Home Blog GenAI Spec-First Engineering: for Mission
-Critical Systems with Claude Code insights from Jakub Walczak

Spec-First Engineering: for Mission
-Critical Systems with Claude Code insights from Jakub Walczak

AI can generate code fast. That’s impressive. What’s actually impressive is when that code works in production, under load, at scale, without breaking three sprints later.

Here’s the uncomfortable truth: most AI-generated code fails – not because of the AI itself, but because of vague requirements, missing edge cases, and no shared understanding of what “done” actually means. The real question isn’t how to get AI to write better code. It’s: what do we need to define before AI writes anything at all?

To answer that, Piotr sat down with Jakub Walczak, a senior software engineer at Boldare who has been deep in the trenches of building systems where failure is simply not an option – and who has been applying spec-driven development with Claude Code as a core part of his daily workflow.

Table of contents

Piotr: Jakub, we keep seeing the same problem across almost every engineering team we work with.
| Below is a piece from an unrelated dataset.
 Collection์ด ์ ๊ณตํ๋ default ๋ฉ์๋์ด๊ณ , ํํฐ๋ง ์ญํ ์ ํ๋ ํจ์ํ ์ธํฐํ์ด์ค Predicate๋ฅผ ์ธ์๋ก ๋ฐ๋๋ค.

AI generates code fast, but a lot of it doesn’t hold up in production. You’ve been experimenting with something called spec-driven development. What is it exactly?
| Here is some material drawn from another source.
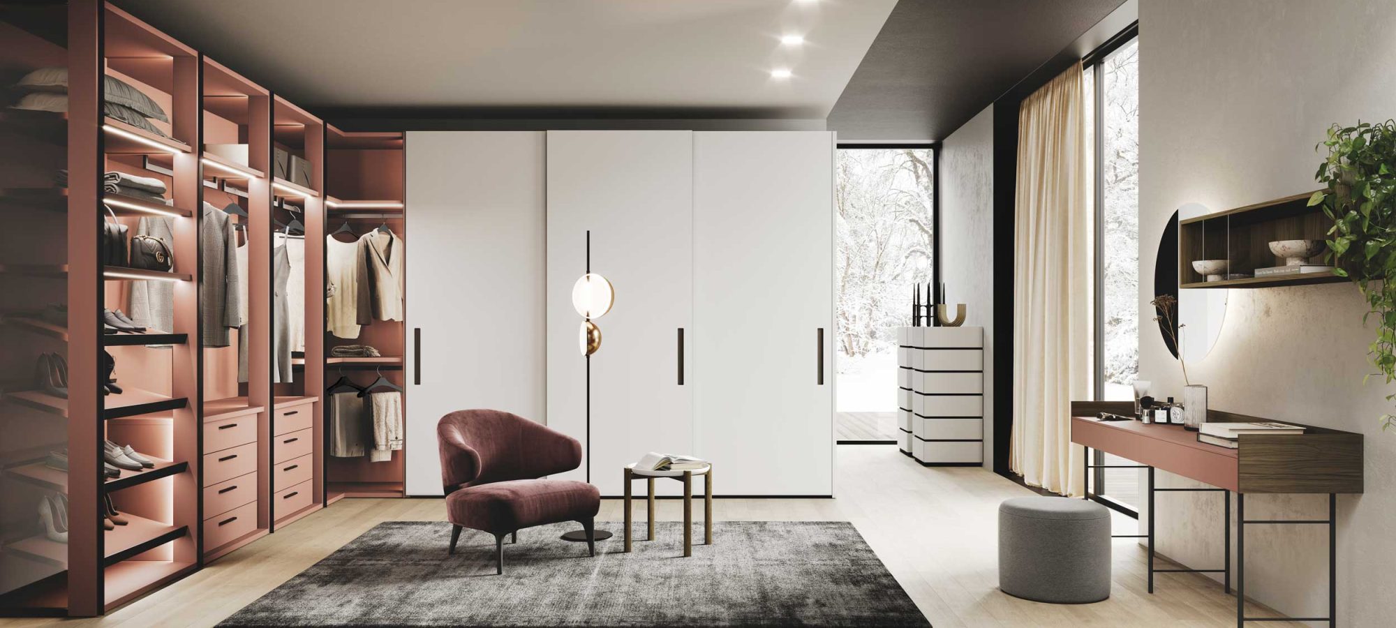 L’armadio Unlimited di Guzzini & Fontana è un sistema altamente sofisticato e personalizzabile: grazie ai suoi fianchi passanti e alla struttura aperta, i vani diventano continui, offrendo una fluidità visiva senza precedenti.

Jakub: Right, so like all trending terms, especially in the AI space — it doesn’t have one established definition yet. But the way I think about it: before writing any single line of code, you have to prepare specifications. Instead of throwing vague prompts at the AI, you need a structured document covering all the edge cases, all the business requirements, all the expected behaviors. That’s what gives you more deterministic, reliable results on the other end.
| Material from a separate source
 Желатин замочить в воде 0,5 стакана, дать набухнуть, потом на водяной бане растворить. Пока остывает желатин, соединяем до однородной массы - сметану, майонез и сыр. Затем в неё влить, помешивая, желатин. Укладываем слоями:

Piotr: So it’s basically an expansion of the “spec first” idea, the upfront work needs to be really well defined before anything gets built.

Jakub: Exactly. The entire shift in spec-driven development is moving the focus away from source code – which has become the final product of the workflow for most developers – and putting it on the specification itself. As engineers, our job becomes orchestrating that definition process in order to get satisfying results from the AI.

Piotr: What actually goes into a spec? You mentioned edge cases and business requirements, what else?

Jakub: Honestly, for me a spec is everything that could matter while working on a particular feature. So definitely the expected behavior at the business level. Edge cases and known limitations. Diagrams of the business flow. Mermaid format works really well because AI consumes it nicely. You could even add links to existing source code, though I’m not sure that’s always a good idea.

The key principle is that a well-written spec should give you a deterministic output. Of course results will vary slightly from one run to another, but if your spec is solid, you should consistently reach a satisfying result. And at that level, the technical details. Java, Python, whatever — become secondary. The spec is focused on business value and behavior, not on implementation.

Piotr: So where does Claude Code fit into this workflow?

Jakub: You can actually use AI to help you write the spec in the first place. The first step of the workflow is combining all your sources, things written down, things you remember from months ago, tribal knowledge that lives nowhere. You feed all of that to an agent and it helps you craft a more detailed, more complete specification. That’s what drives better results downstream.

A few weeks ago I had a good example of this. I had to implement a feature in our invoicing domain – an area I hadn’t touched in months. The ticket itself was relatively simple, maybe 30 minutes of implementation, another hour of thorough testing. But instead of jumping straight in, I decided to build what I called an “Invoicing Expert” Claude skill – essentially a deep knowledge artifact about our invoicing domain. That took me two, three, maybe four hours to build properly.

Piotr: This isn’t a simple invoice with one line item, right? Not “give me an iPhone invoice.”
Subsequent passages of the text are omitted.